GRADE Domain What To Check Impact On Certainty
Risk of bias Sequence, concealment, blinding, attrition Downgrade if flaws are common
Inconsistency Spread of effects, non-overlapping CIs Downgrade if patterns clash
Indirectness Population, intervention, comparator, outcome Downgrade if off-target
Imprecision Wide CIs or few events Downgrade if decision flips within CI
Publication bias Missing studies or outcomes Downgrade if likely

Write For Reuse And PRISMA

State the synthesis route for each outcome, with the reasons. Name the model, estimator, and any small-sample tweaks. List subgroup and sensitivity rules as they appeared in the protocol. Add a “what would change the answer” note to help users judge transportability.

Close with tidy, repeatable outputs: the meta-analysis dataset, code, and a short guide to reproduce every figure. Clear reporting earns trust and speeds updates under the PRISMA 2020 checklist and Summary of Findings norms used with the GRADE approach.

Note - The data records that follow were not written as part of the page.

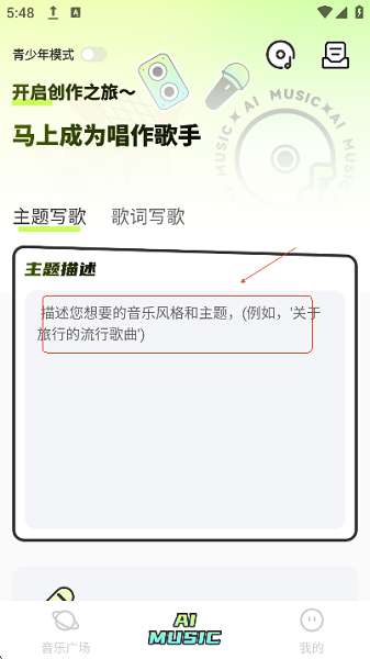 2、录制成功后,进入软件首页,用户们可以在“主题写歌”板块输入自己想创作音乐的风格和主题。
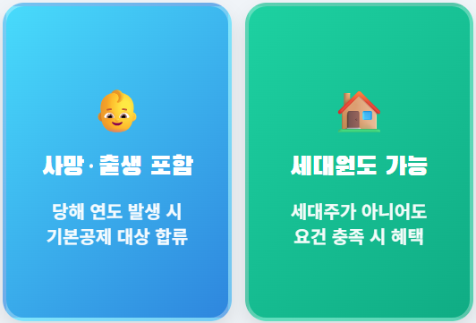 - **연도 중 사망/출생**: 과세 기간 중에 사망한 부양가족이나 출생한 자녀도 그 해에는 기본공제 대상자로 포함됩니다.
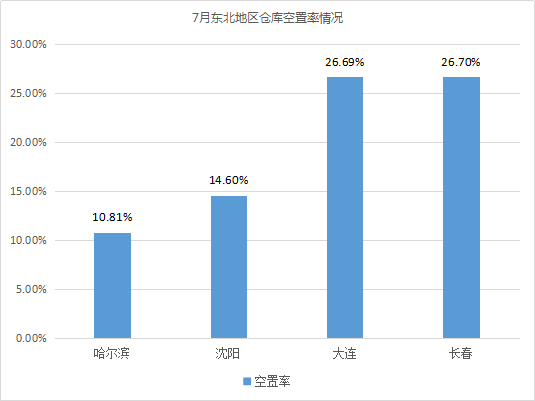 全國32個城市倉庫平均空置率為12.01%,環(huán)比上漲1.24%。其中,東北地區(qū)倉庫空置率高于其它四個地區(qū)。相較6月,東北地區(qū)倉庫空置率有所上漲,漲幅為3.37%;其它三個地區(qū)倉庫空置率波動不大。
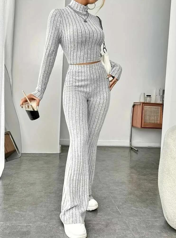 Kadın Uzun Kollu Balıkçı Yaka Krop Ve Pantolon şardonlu Kaşkorse Ikili Takım

Quick Reference: Measures, Models, And Graphics

Common Effect Measures

  • Risk ratio (RR): Natural for incidence; stable under varied baseline risks.
  • Odds ratio (OR): Handy for case-control designs; less intuitive for lay readers.
  • Mean difference (MD): Same scale across trials; easy to read.
  • Standardized mean difference (SMD): Different scales; expresses change in SD units.
  • Hazard ratio (HR): Time-to-event data; assumes proportional hazards.

Model Picks That Age Well

  • Report both fixed-effect and random-effects when there are three or fewer studies.
  • For random-effects, use REML for τ² and Hartung-Knapp for test statistics and CIs.
  • Show a prediction interval so readers can gauge the range expected in a new study.

Graphics That Speed Insight

  • Forest plots with the same order across outcomes.
  • Contour-enhanced funnel plots when you have at least ten studies.
  • Effect-direction plots or harvest plots for narrative syntheses.

Steps To Report Data Synthesis Without Gaps

Methods To Spell Out

  1. Eligibility for each synthesis and how studies were grouped.
  2. Data prep rules: conversions, imputations, and outlier handling.
  3. Exact effect measures and models, with software and versions.
  4. Heterogeneity checks and how they shaped model choice.
  5. Subgroups, meta-regression, and sensitivity runs.
  6. Small-study and reporting bias checks.
  7. Certainty ratings with a Summary of Findings layout.

Results To Share The Same Way Every Time

  1. Study flow into each synthesis set.
  2. Per-study effects with CIs and weights.
  3. Pooled effects with CIs and, for random-effects, prediction intervals.
  4. I², τ², and Q with p-value.
  5. Notes on any departures from the protocol and why.

Common Pitfalls And Clean Fixes

Pooling Apples With Oranges

Don’t mix follow-up times, scales, or exposure windows. Split the outcome, convert the units, or park those studies in a narrative group.

Letting One Large Study Set The Tone

Weighting is good, swamping is not. When one study dominates, show influence plots, try a leave-one-out run, and add a prediction interval to keep the message balanced.

Chasing P-Values

Lead with effect sizes and CIs. P-values alone don’t tell the story readers need.

Make Updates Easy

Synthesis is not a one-time act. New trials appear, preprints finish peer review, and registries release results months later. Write your code so you can drop in new rows and rerun the lot. Keep a changelog that states what changed, why it changed, and how the headline numbers moved. Readers can track the arc of the evidence without guessing.

When an update lands, rerun the same sensitivity rules, refresh prediction interval, and revisit small-study checks. If the answer flips, say it and point to the data that drove the shift. Transparency beats spin, and readers will thank you for it.

Checklist Before You Publish

  • Protocol loaded with clear rules for outcomes, windows, models, and subgroups.
  • Data file with arm-level inputs, derived values, and audit notes.
  • Figures labeled with code names and consistent ordering across outcomes.
  • Both fixed-effect and random-effects runs when study counts are small.
  • Heterogeneity stats reported next to the pooled effect.
  • Small-study and reporting bias checks explained with limits.
  • Summary of Findings table tied to a GRADE rating for each outcome.
  • Links to the PRISMA 2020 checklist and methods that match the Cochrane Handbook.